• **The data**
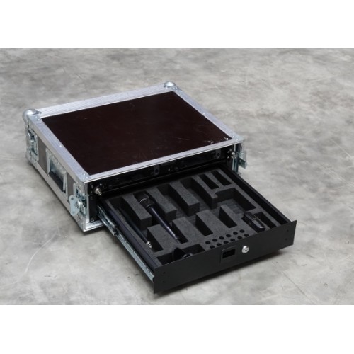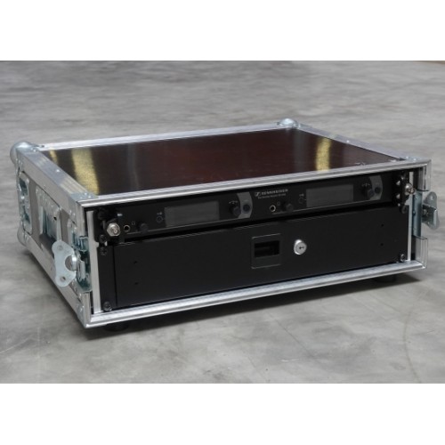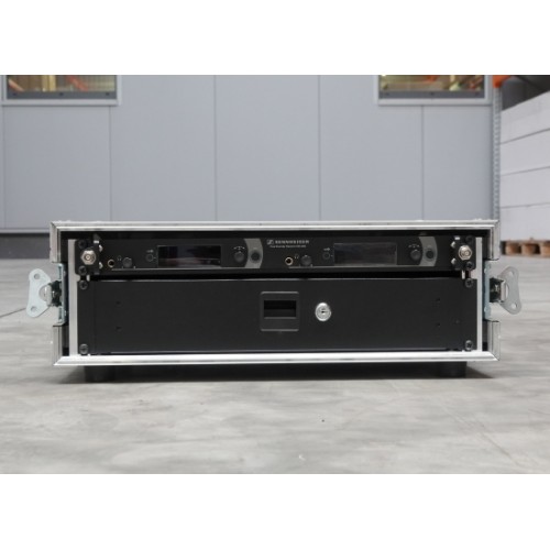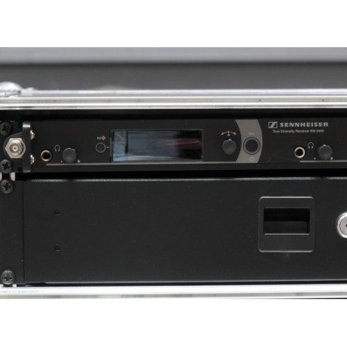 3HE Rack mit eingebautem EM 2050 G3 Doppelempfänger und SKM 965 G3 Handsender sowie SK 2000 G3 Taschensender in einer Rackschublade.
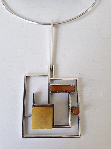 Bent Knudsen halsring i sterling sølv med grafik vedhæng prydet med rav
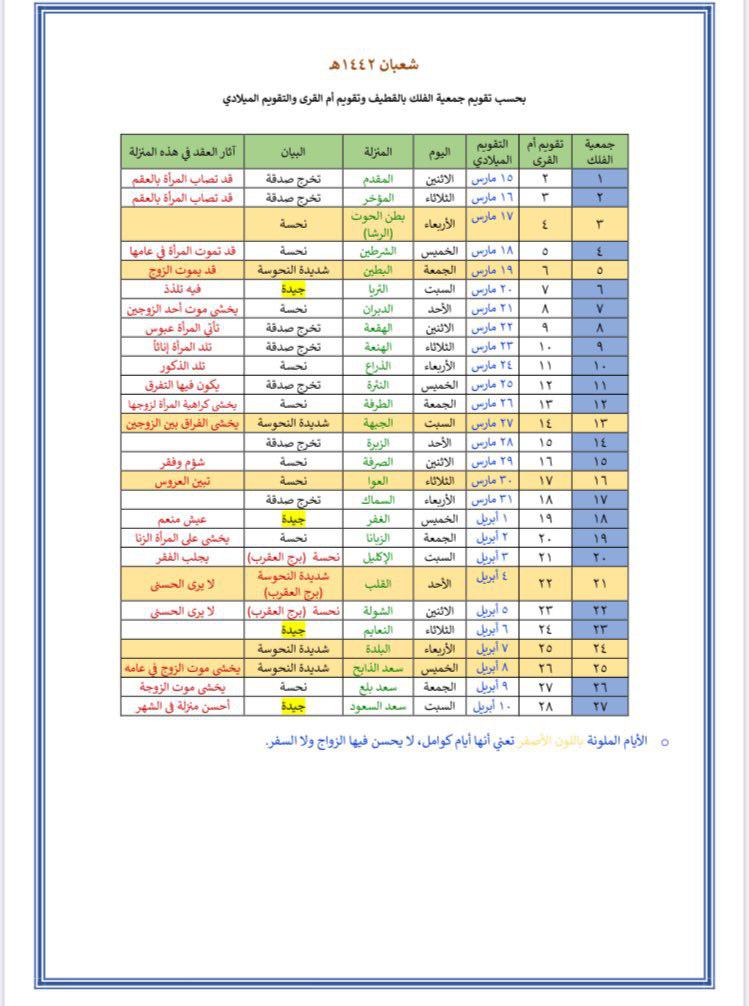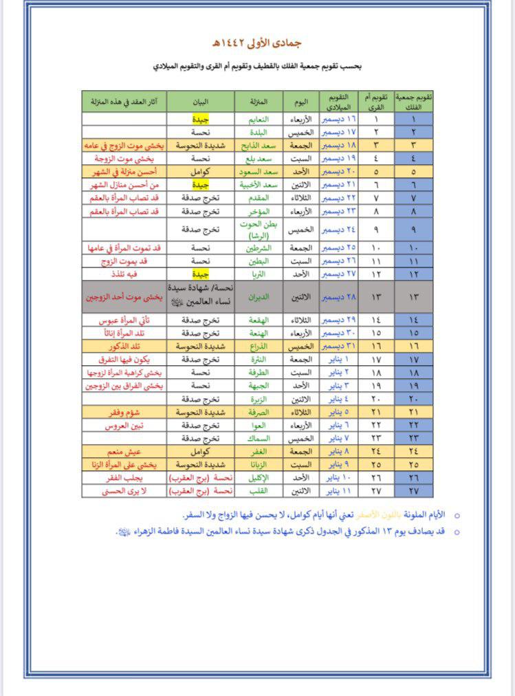 ومن المعلوم أن كل شهر فيه سبعة أيام نحسة، وتسمى ”الكوامل“ وهي «3,5,13,16,21,24,25» من الشهر العربي.

• **Work order**
What is needed is an exact copy of all the data, with no images in it.

• **Solution to this task**
 3HE Rack mit eingebautem EM 2050 G3 Doppelempfänger und SKM 965 G3 Handsender sowie SK 2000 G3 Taschensender in einer Rackschublade.
 Bent Knudsen halsring i sterling sølv med grafik vedhæng prydet med rav
 ومن المعلوم أن كل شهر فيه سبعة أيام نحسة، وتسمى ”الكوامل“ وهي «3,5,13,16,21,24,25» من الشهر العربي.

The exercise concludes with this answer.